A year or two ago, I made some Spanish houses out of foam-core board for my 25mm Peninsular War games, and wrote an article for this website on how the construction was done [i.e. the article above].

Being a regular visitor to Paul Darnell’s beautiful Touching History website [now no longer existing] I snapped up his book on terrain-making, and used it as a guide to make some more buildings to add to my collection.

I was also impressed with a fantastic 40mm game put on by the Durham Chosen Men [yet another defunct website] and liked their half-timbered ‘bodega’ so much that I copied it to give a bit of variety to my otherwise plastered buildings.

Looking at all the resulting buildings, I realised that they looked a bit spartan without any landscape detail, such as streets, courtyards, gardens and so on. So my latest project has been to tie all my buildings together as a fully landscaped village.

I laid out the village as a crossroads with a small plaza in the centre. Each quadrant of the village is a separate small baseboard, so I can break it up into several smaller hamlets if necessary. I’ve made the buildings themselves detachable from their baseboards, so that I can still use them individually.
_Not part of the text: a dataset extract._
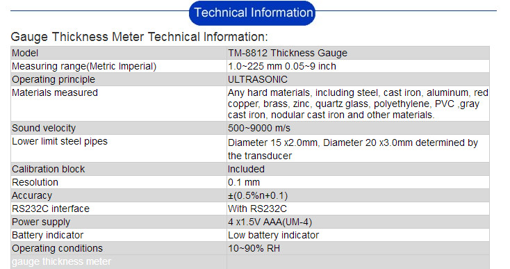 1.Features of TM-8812 thickness gauge 1.Model:TM88122. Measuring range (metric/imperial): 1.2-225mm,0.05-9inch3. Operating principle: ULTRASONIC4. Sound velocity: 500-9000m/s5. Lower limit steel pipes: ф15x2.0mm, ф20x3.0mm determined by the transducer6. Calibration block: included7. Resolution: 0.1mm8. Accuracy: ±(0.5%n+0.1)9. RS232C interface: with RS232C 10. Power supply: 4x1.5V AAA (UM-4)battery11. Battery indicator: low battery indicator12. Operating conditions:0-+45℃(32℉-104℉),≤90%RH13. Dimensions: 120x62x30mm14. Weight: 164g (not including battery)2.Technical Information of TM-8812 thickness gauge

A view of the churchyard, with the plaza and bodega in the left background. Note that I still need to put plastic tile sheeting onto the roof of the bodega.
A ground-level view of one side of the village. The exposed stonework and the windows are done with textures printed out on the computer, while the shutters are corrugated card.
The cobblestones are also just print-outs of texture images from the internet, jazzed up with a little sand and flock glued on in patches.
The churchyard will work perfectly well as a stand-alone terrain piece.
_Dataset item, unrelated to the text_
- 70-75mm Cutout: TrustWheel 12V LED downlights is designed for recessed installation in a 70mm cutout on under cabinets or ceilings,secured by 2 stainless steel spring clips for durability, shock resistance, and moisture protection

The village now needed some inhabitants. Just in time Perry Miniatures released a very nice range of Carlist Wars civilians. Although this period is a few years after the Napoleonic Wars, the costumes would not have changed that much, and so they were perfect for my purposes. 

3 thoughts on “Making a Spanish village on the cheap

  1. Those are fantastic buildings. perfect for the period and the civilians fit in very well. Superb job!

  2. I’ve just come across this post and it’s your village is inspirational. I’m doing something similar in 15mm and will be “borrowing” many of your ideas. All the best Dr B.